We crossed over the streets, into the city. The bodies would be discovered soon, but not soon enough. More and more of us gathered, waiting in shadowy wings, until our number was well over fifty. The fidgeting was getting unbearable now, and I saw Dante working a knife into his forearm.

“Go.”

From the silence, there came a baleful whooping, and our throng divided through the city. I struck out towards the next patrol, accompanied by those in search of a challenge. I could already feel the cogs falling into place, mobilising and readying themselves for the inevitable torrent of spanners.

Chew, chew, chew.

It wasn’t long before we slashed into the first inner city patrol. Where they had automatic weapons, we had surprise and fear; they never stood a chance. Three were gunned down as they came into sight, forcing the rest behind cover and allowing us to close in.

I recall Clarice falling out of the darkness, onto the back of one of the survivors. She twisted his head around and kissed him fully and lustily.

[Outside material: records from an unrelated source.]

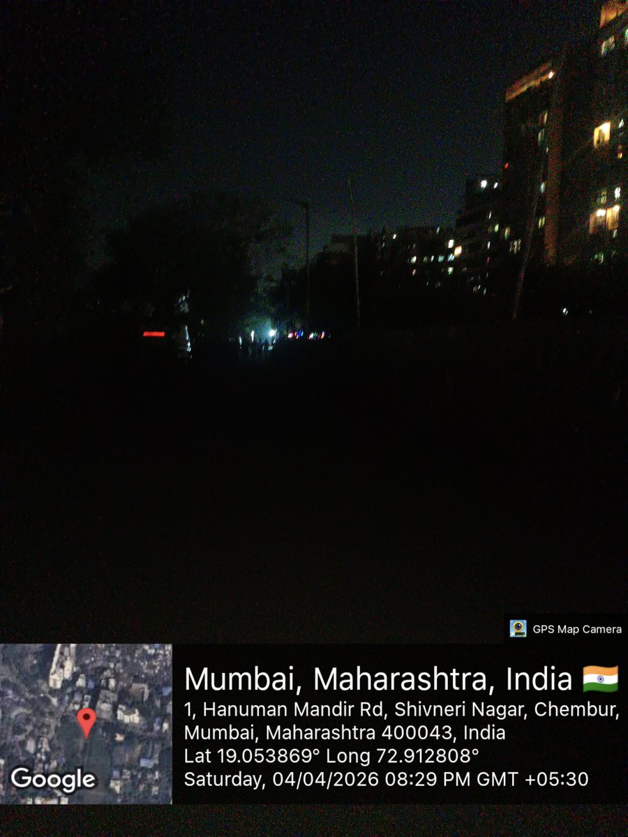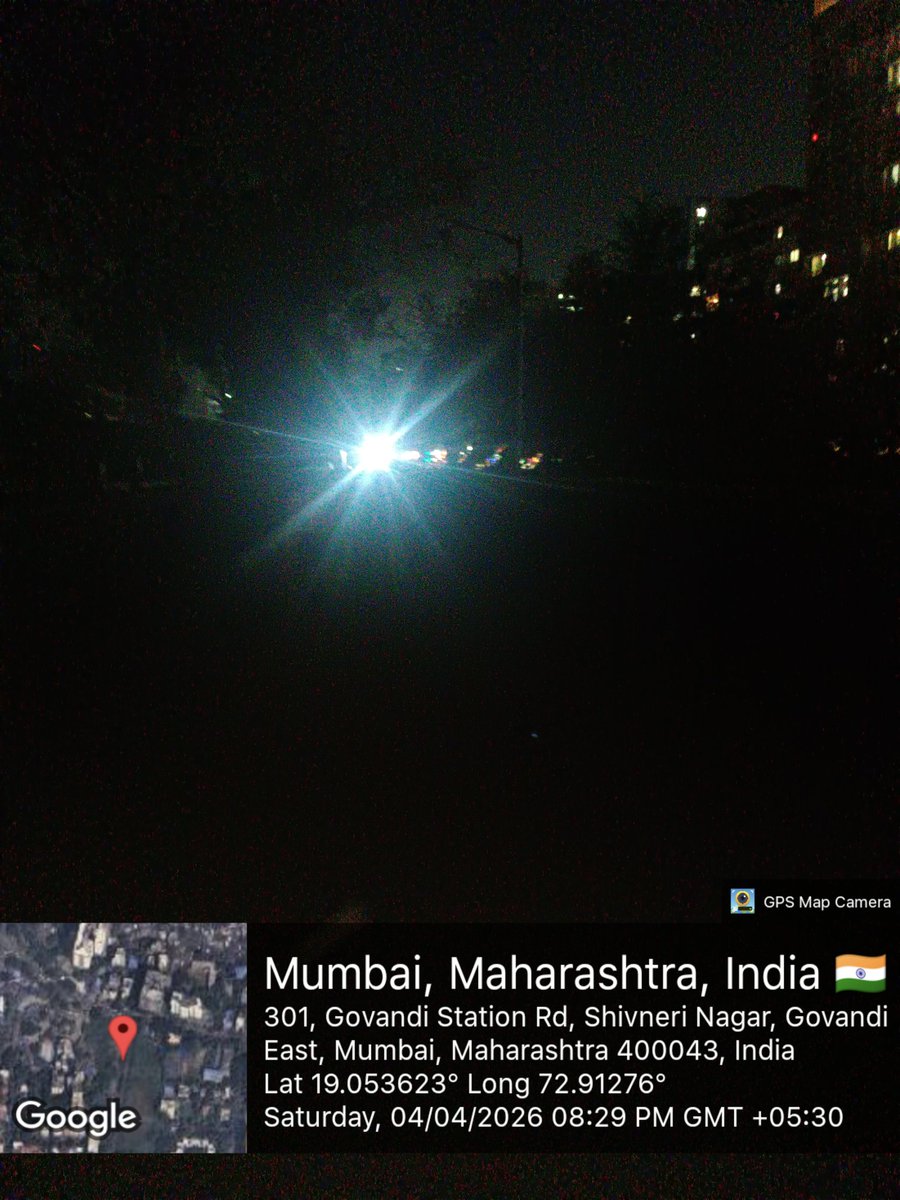 गोवंडी पूर्व येथील लिज्जत पापड कंपनी समोरील हनुमान मंदिर रोड येथील पथदिवे गेले १ महिना चालू नाही. या रस्त्याने शिवनेरी नगर आणि महादेव पाटील वाडी येथील नागरिक प्रवास करतात. अंधार असल्यामुळे एखादी दुर्घटना अपघात घडण्याची शक्यता आहे. @GovandiPS @mybmc @Adani_Elec_Mum @mybmcWardME
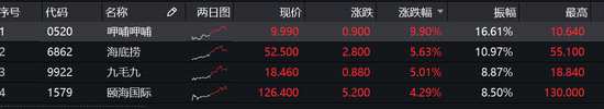 餐飲股集體飆升,呷哺呷哺漲10%,海底撈漲5.6%,再創(chuàng)新高,九毛九漲5%,頤海國際漲4%。業(yè)內(nèi)人士認(rèn)為,隨著下半年餐飲行業(yè)進(jìn)入旺季,頭部的餐飲企業(yè)享受資本的紅利屬于正?,F(xiàn)象。相比之下,中小餐飲企業(yè)則迎來了“關(guān)店潮”。大型的龍頭餐飲企業(yè)在品牌、資金、供應(yīng)鏈和抗風(fēng)險能力等方面的實力,是中小餐飲企業(yè)所無法比擬的。也正因此,在疫情期間,龍頭餐飲企業(yè)得以繼續(xù)擴(kuò)張。
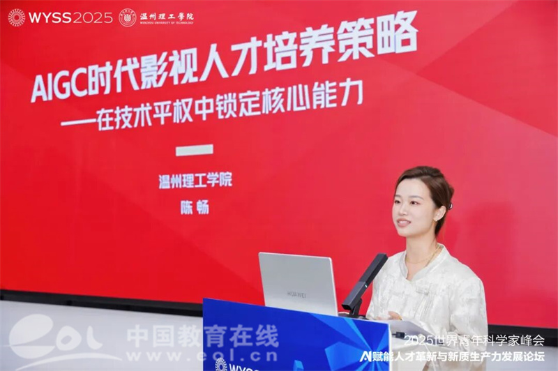 中国教育在线浙江站讯(记者 陈显婷 通讯员 温理萱)近日,在2025世界青年科学家峰会AI赋能人才革新与新质生产力发展论坛上,温州理工学院文学与传媒学院教师陈畅作为学校唯一代表参加影音分论坛并作主题演讲,分享AIGC时代影视人才培养的“温州方案”,引发行业广泛关注。这位被师生亲切称为“AI姐”的青年教师,正以技术、艺术、教育深度融合的创新实践,领跑AI影视教育与文化传播新赛道。
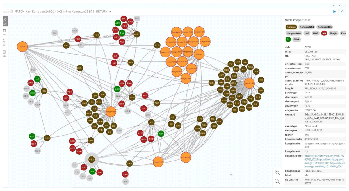 With the Neo4j macroscope in place, I returned to Edward Wagner’s classic research on the hereditary links of merit subjects across generations. In a 1974 study, Wagner challenged the common belief that the sixteenth-century reformer Cho Kwangjo (1482–1519) was a political outsider. He showed instead that Cho belonged firmly to the capital-based elite, tracing his lineage back to Cho On (1347–1417), who had received merit subject investiture for supporting the regime change of 1392 (Wagner, Literati Purges 80). Cho’s case is illuminating, but one example alone can only take us so far in understanding the broader sociopolitical structures of late medieval Korea. To test Neo4j’s potential, I turned to a question that historiography has largely passed over. Using a Cypher query, I identified all instances where the merit subjects of 1469 and 1589 were connected within two node distances (Figure 18). The reasoning here is simple: in Korean historiography, the merit subjects of 1469 have received sustained attention, while those of 1589 remain obscure. The clarity of the output owed much to the use of node labels and category nodes for merit subjects and collected works, which made it possible to generate an abstracted view of their interconnections.
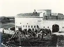 The same program of fortification integration of the magistral wall was also applied on the plain. On the left side of the Adige River, the construction of military works was required to make compatible the presence of the new monumental cemetery, built in front of the enclosure at the Campo Marzo bastion starting in 1828. A mighty two-story casemate tower-segment battery (or Segmentthurm) then was placed in front of the cemetery toward the Adige, while in 1838 a detached fort named after engineer von Scholl, who had given the design but died that same year during construction, was built about 150 m south of the cemetery. It was later more simply named Fort Gazometro, from the presence of such industrial plants a short distance away.[16][27]

Shock, pain and fear flashed across his eyes. She stole his heart and—thanks to her teeth—most of his face. The other guards were dumbstruck as we closed those crucial final metres.

Chew, chew, chew.

We ran through three other patrols before I made it to the city centre. Clarice and Dante were still with me, alongside a gaunt set of twins. As we arrived, a shockwave ripped through us, forcing us to our knees. The explosion had come from the barracks; a flare had been crying for help from their position for the past few minutes. I assumed we had broken through to their armoury and pulled the pin on the entire operation.

Thunderous heartbeats carried adrenaline and
angel-rage
through my system with an ever-increasing tempo, lifting me back into a sprint.

RailTech
. The glass monolith dominated my field of vision as we ran closer, fire-flickered panes shimmering until a grenade—or was that a missile?—from the twins burrowed a savage hole in its flank. I leaped through the opening, laughing, and the howling rage consumed my actions and my memory.

Chew, chew, crunch?

Awareness returned to me in a bloody rush. Redshirt-viscera splattered the walls, the doors, even the ceiling. There was no longer a piece of gum in my mouth. I loosened my jaw to let the body drop and the jugular spurt freely. I regretted it immediately, and the void was rapidly filled with the gristlebone of fingers. I burst into a room, stared into terrified eyes, and released a vile banshee wail.

“Surprise punch!” I screamed, before shooting him in the face. That was the surprise.

Crunch, crunch, crunch.

We rode the vertical bloodwave, ascending through throes of passion in a crimson elevator. The door pinged. Clarice, Dante and I spilled out like so many innards before the chill air shocked me into disengaging. A snap of clarity sucked the colour from the red and transferred it to the rest of the spectrum; the air around me suddenly tingled with life.